01:29:50.480 If you've been COVID vaccinated, there's very high incidence of subclinical myocarditis, and that puts people at risk of arrhythmic events and potentially sudden cardiac arrest and sudden cardiac death.
01:30:05.020 This is why we still see athletes collapsing on the field.
01:30:07.880 This is why we still see people dying in their sleep is because of this undiagnosed subclinical myocarditis.
01:30:14.140 Dr. Peter McCullough talks a lot about this.
01:30:15.880 Dr. Seem Malhotra as well, both of them cardiologists.
01:30:18.220 This is still happening, and it's still happening at record levels.
01:30:22.940 And so you have to be very careful with vigorous exercise.
01:30:28.040 You may want to have some kind of a cardiac workup before you do any kind of vigorous exercise, or take something that will protect the heart and actually treat the subclinical myocarditis like taurine.
01:30:39.140 Taurine is an amino acid, a supplement that you can buy for $10 a bottle, and it's used in Japan, actually, for heart patients.
01:30:48.220 Patients who are in heart failure and who have all kinds of heart issues, it reduces inflammation of the heart.
01:30:53.420 You want to have taurine on board.
01:30:54.700 The reason why you want to have NAC on board as an antioxidant is it reduces inflammation of the brain.
01:31:00.280 It reduces inflammation in the lungs, so people that end up, you know, who are vaccinated who have sort of chronic lung issues, or if you have long COVID and you've been infected with COVID several times and you have chronic lung issues, you want to be taking NAC.
01:31:11.680 So this is kind of my more global approach to spike protein detoxification because it covers a lot of the different areas and a lot of the different damage that people suffer.
01:31:23.280 So you can start with a good base detox like Dr. Peter Mercola's, you know, protocol with the natokinase, bromelain, curcumin.
01:31:32.000 Understand why he has those as his base detox, but it's not enough.
01:31:36.240 It's not nearly enough.
01:31:37.840 You need to have a more global approach and you need to address all of these different problems that the spike protein causes.
01:31:44.560 Well, I really appreciate that.
01:31:46.360 I think what I'm going to do is take that whole clip and we'll make a video out of it and we're going to put it on the protocol page so that people can hear firsthand because you covered a lot of information there.
01:31:58.780 And just medically giving us insight as to how all of this works together and how it affects the body.
01:32:05.480 And so, Dr. Mackey, I so appreciate having you on the show.

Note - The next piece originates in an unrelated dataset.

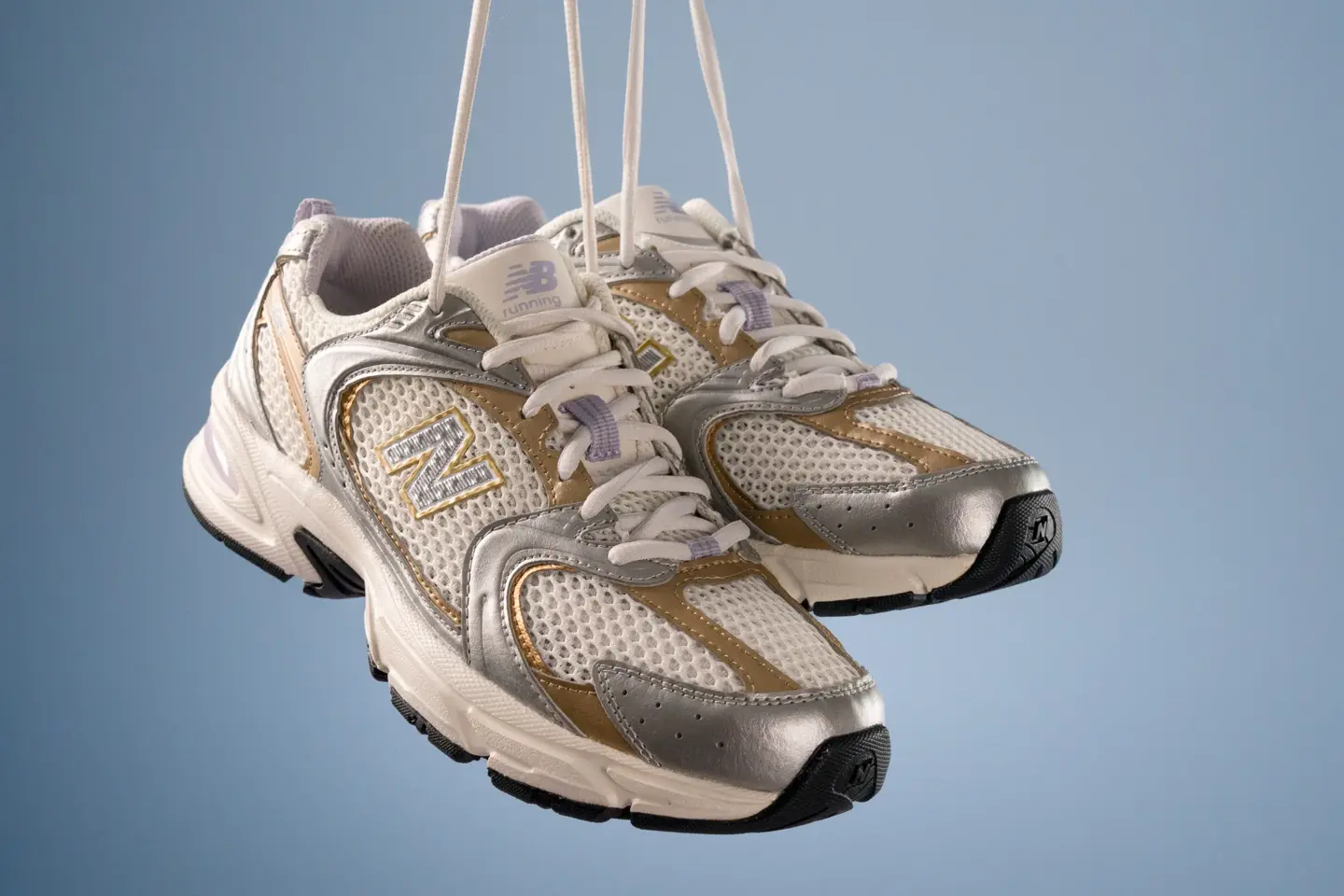 Hvite, beige og sølvsneakers fra New Balance hos Shoe Gallery 1399,-

01:32:09.780 I really believe that this program is going to help a lot of people answer questions, give some direction for people to start treatments.

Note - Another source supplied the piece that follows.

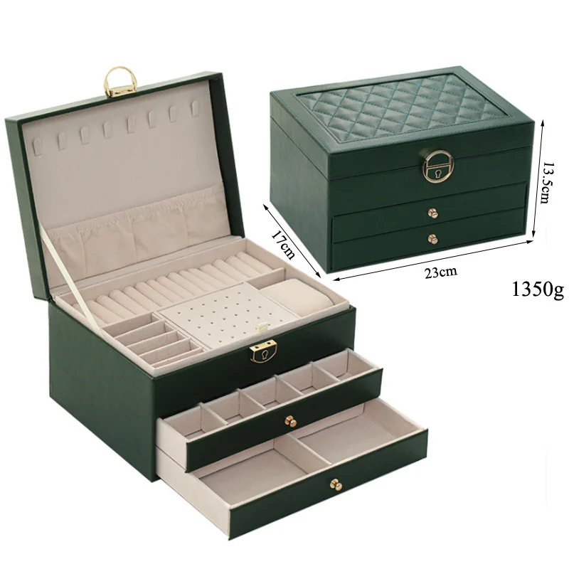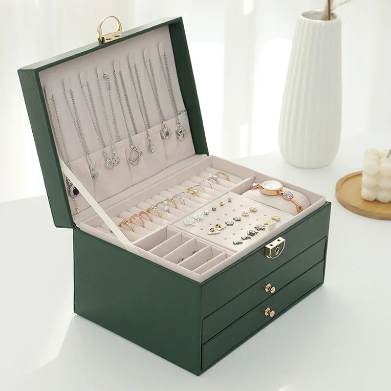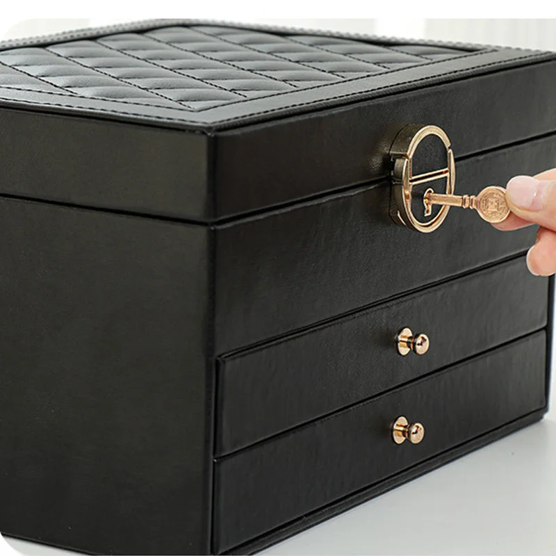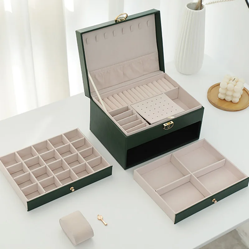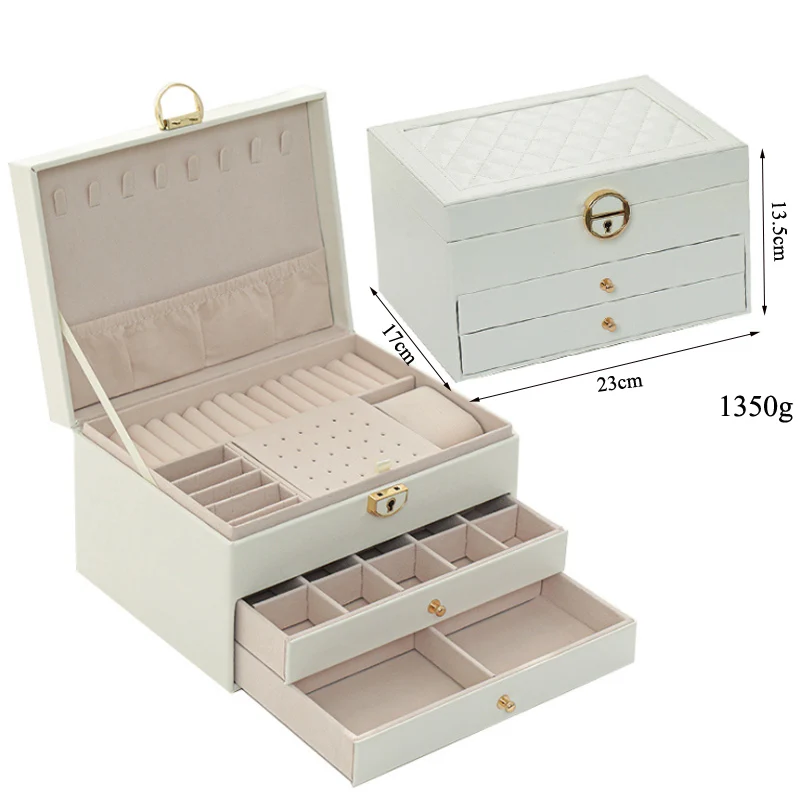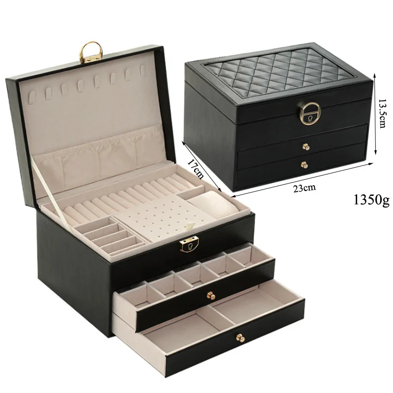 Luxury 3 Layers PU Jewelry Organizer Storage Box

01:32:19.820 And hopefully we're going to be able to help them impact their own well-being by taking these steps to protect themselves and to be proactive.

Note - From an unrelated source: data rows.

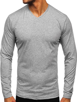 Мъжка тениска с дълъг ръкав без принт сива Bolf 1209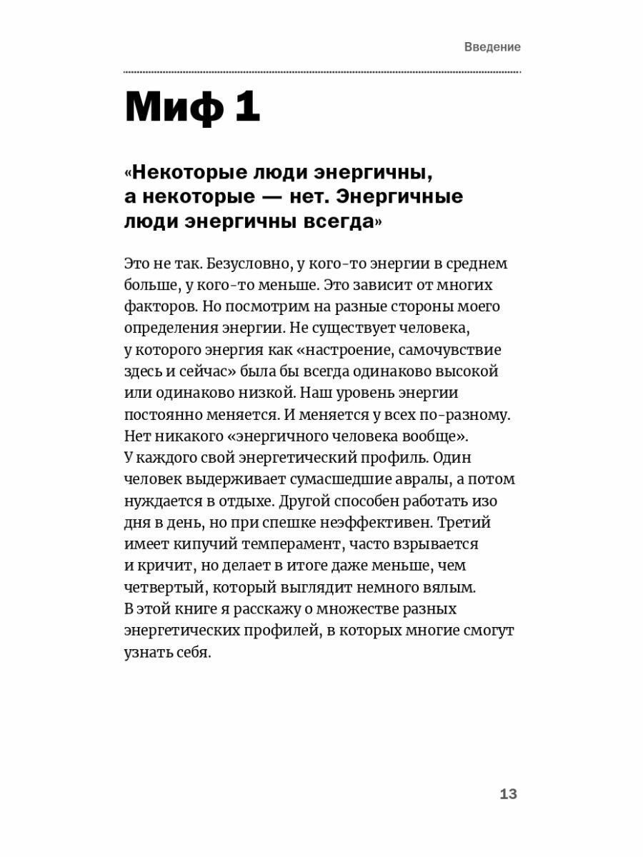 Наш уровень энергии постоянно меняется. И меняется у всех по-разному. Нет никакого «энергичного человека вообще». У каждого свой энергетический профиль. Один человек выдерживает сумасшедшие авралы, а потом нуждается в отдыхе. Другой способен работать изо дня в день, но при спешке неэффективен. Третий имеет кипучий темперамент, часто взрывается и кричит, но делает в итоге даже меньше, чем четвертый, который выглядит немного вялым. В этой книге я расскажу о множестве разных энергетических профилей, в которых многие смогут узнать себя.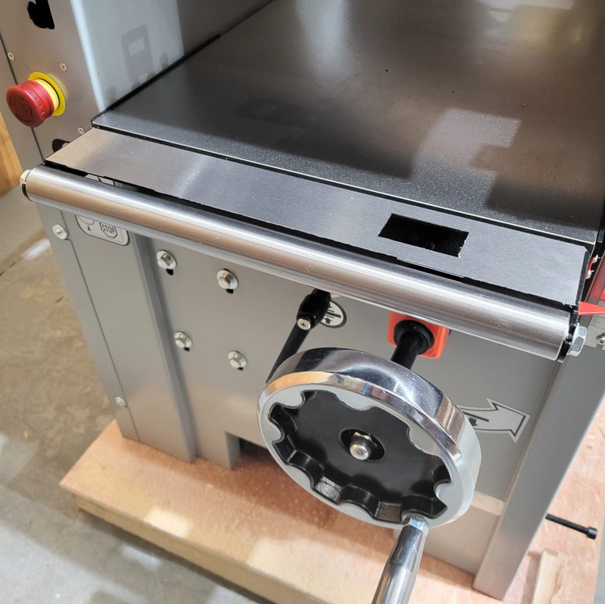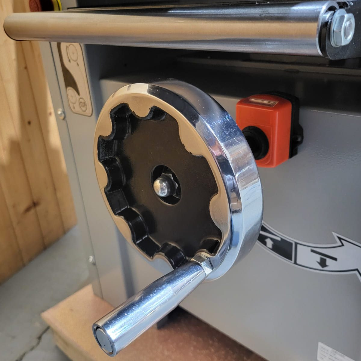 Setting the thicknessing depth is done by rotating the cast iron hand wheel (1 rotation = 2mm) and reading from the measuring scale or for more precise control the mechanical digital display, accurate to 1/10th of a millimetre. A position lock is fitted which prevents any movement of the bed during the cut.

01:32:30.500 I think even us as unvaccinated people need to be listening to what you say about flour and sugar and making sure our bodies are strong and resilient because we don't know the long-term effects or how real the effects are of the shedding and other issues that we're dealing with.
01:32:49.880 So, thank you so much for coming on.
01:32:52.880 We understand turbo cancers better now.
01:32:55.180 We understand, you know, the big pharma and the upcoming plans of their implementation of this cure, this vaccine, maybe not cure, but this cancer vaccine.
01:33:09.360 And, of course, what's driving that, which is finances and, of course, the UN agenda as well to possibly do in as many citizens around the world as possible.
01:33:19.960 We can't put that aside, and then, of course, the treatments, ivermectin, fenbendazole, and then the information that you just covered as well.
01:33:30.060 So, that's been a big show.
01:33:31.800 It's great information, and I can't wait to get this out to the public.
01:33:35.640 So, for those of you who are viewing, please give us a thumbs up on Rumble.
01:33:39.440 Join us and provide us a comment.
01:33:43.080 Follow Dr. Mackey's.
01:33:44.340 It's Dr. MackeyMD on Twitter and Substack, I believe, is your handle.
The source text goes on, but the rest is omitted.